Goal of the exercise:
Return each line of the records holding the string "black".

Records for the exercise:
#####

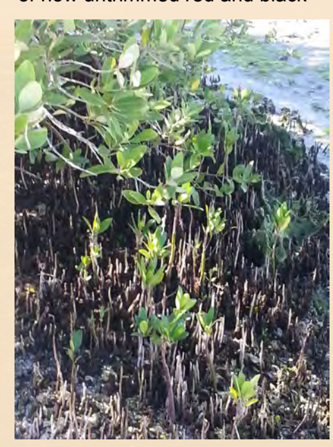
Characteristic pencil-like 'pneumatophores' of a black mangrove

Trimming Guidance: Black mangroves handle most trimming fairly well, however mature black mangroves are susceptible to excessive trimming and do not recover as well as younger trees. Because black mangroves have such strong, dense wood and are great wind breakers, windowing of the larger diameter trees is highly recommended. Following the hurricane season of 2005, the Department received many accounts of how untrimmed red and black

#####

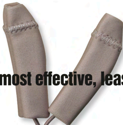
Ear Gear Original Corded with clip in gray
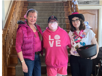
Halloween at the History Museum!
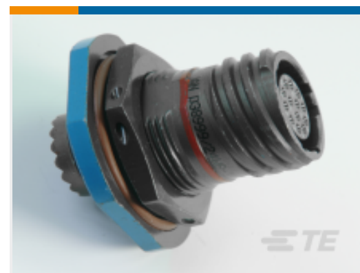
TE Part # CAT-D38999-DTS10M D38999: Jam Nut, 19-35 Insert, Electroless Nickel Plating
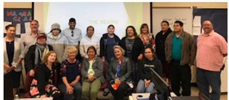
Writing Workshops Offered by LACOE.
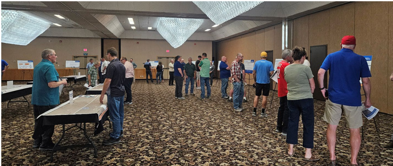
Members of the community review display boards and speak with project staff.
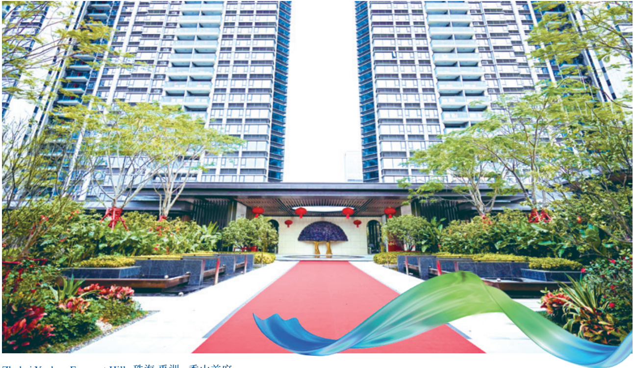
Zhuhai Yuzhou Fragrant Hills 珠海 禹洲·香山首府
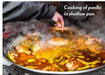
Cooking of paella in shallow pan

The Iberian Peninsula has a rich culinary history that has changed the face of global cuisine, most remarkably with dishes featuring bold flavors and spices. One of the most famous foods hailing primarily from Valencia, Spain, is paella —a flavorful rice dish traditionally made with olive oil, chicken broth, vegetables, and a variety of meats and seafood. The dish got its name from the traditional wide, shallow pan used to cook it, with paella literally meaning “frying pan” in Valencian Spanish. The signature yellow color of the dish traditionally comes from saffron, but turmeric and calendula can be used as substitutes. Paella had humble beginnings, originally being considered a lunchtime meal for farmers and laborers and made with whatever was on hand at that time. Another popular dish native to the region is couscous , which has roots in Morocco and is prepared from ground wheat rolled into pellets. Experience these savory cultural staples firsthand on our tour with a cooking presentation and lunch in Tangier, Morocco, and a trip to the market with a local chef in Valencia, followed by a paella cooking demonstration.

#####

Reply:
Characteristic pencil-like 'pneumatophores' of a black mangrove
Trimming Guidance: Black mangroves handle most trimming fairly well, however mature black mangroves are susceptible to excessive trimming and do not recover as well as younger trees. Because black mangroves have such strong, dense wood and are great wind breakers, windowing of the larger diameter trees is highly recommended. Following the hurricane season of 2005, the Department received many accounts of how untrimmed red and black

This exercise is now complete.